LOS ANGELES, CA (California Network) -- A high-pressure ridge over Arizona is responsible for baking the American southwest under extreme conditions. From California to New Mexico, temperatures will reach over 110 degrees, and spike over 120 in some places. Las Vegas should see 117 degrees, and Death Valley will reach 124 degrees, or even higher. California's San Joaquin Valley will be between 105 and 110 degrees for much of the week.
Residents of the region are accustomed to heatwaves, and most people have air conditioning in their homes and workplaces. However, the heat still poses dangers that most people never consider.
The Sierra Nevada mountains are packed with snow, much more snow than normal. Waterways are already near capacity, and the heatwave will increase the rate at which snow melts from the mountains. This means rivers and streams will rise, and water will be cold and fast moving. The flood risk remains small, but swimmers who attempt to beat the heat by swimming in local rivers face danger. The cold, fast moving water can cause swimmers to lose their breath, and to become numb and tired. Swimmers can be pulled under by currents in the river or stuck on rocks or debris. The risk of drowning is significant.
While there is a risk of drowning for some, the risk of fire worries others. Already, several small brush fires are burning in California, and when temperatures are hot, brush dries out and ignites easily. The smoke from fires as well as dust and smog contributes to hazardous air. The pollutants make people with asthma more likely to suffer an attack.

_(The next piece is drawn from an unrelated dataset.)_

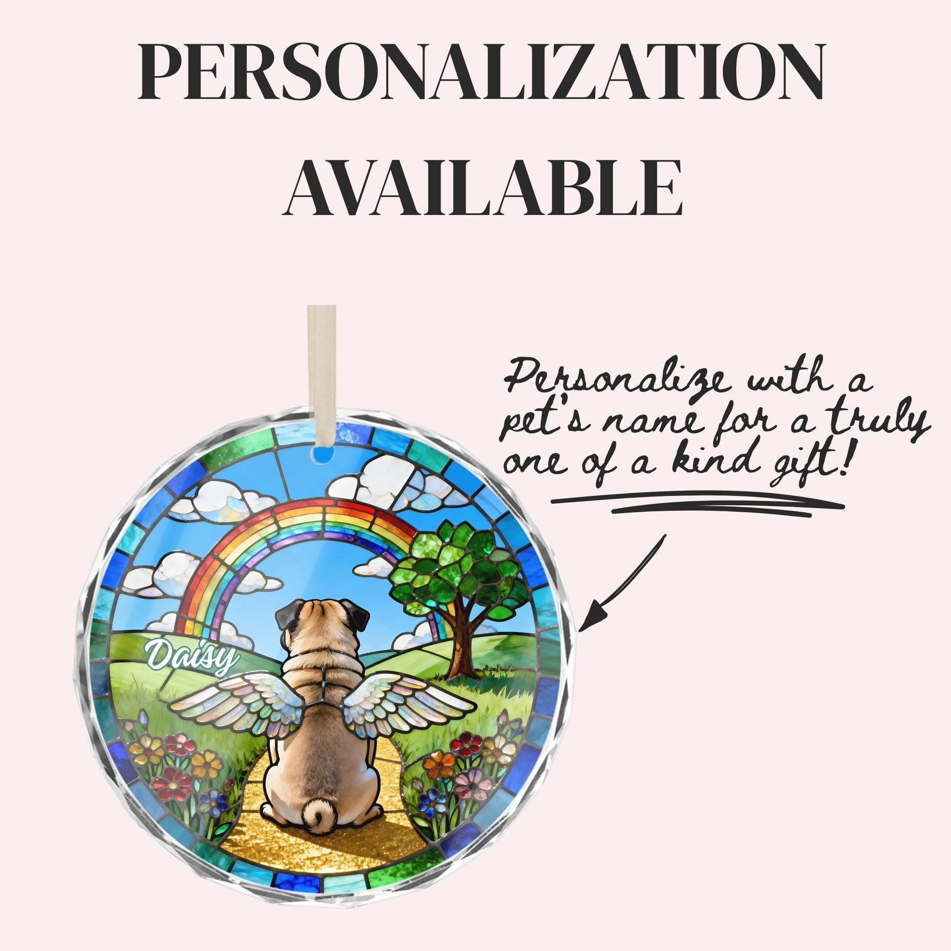 Honor your beloved pet with this breathtaking stained glass-style ornament, a heartfelt tribute that captures the warmth and love they brought into your life. Designed to look like shimmering stained glass, this circular piece features a dog sitting peacefully on a golden path beneath a vibrant rainbow, symbolizing the Rainbow Bridge—where our pets wait for us until we meet again. Angel wings adorn the dog’s back, and your pet’s name can be beautifully personalized on the glass, creating a one-of-a-kind keepsake.

The heat itself is also a stressor, and people with heart conditions, or who do not have adequate cooling or hydration are subject to heatstroke and even death.
There are also dangers for pets, livestock and crops. Walking a dog on the pavement is dangerous as the hot ground can burn their bare feet. Leaving pets outdoors can be as much as risk as with people. Farmers need to take measures to keep livestock cool.
The heatwave will last through the end of the week, and possibly into the weekend. Official warnings now extend until Thursday night.
June is a hot month in the American Southwest, but it is not as hot as July and August, which are the hottest. Heat waves, which are described as two or more days of hot temperatures that range above historical averages, are more frequent in July through September.
Officials expect several records will be broken in the week to come.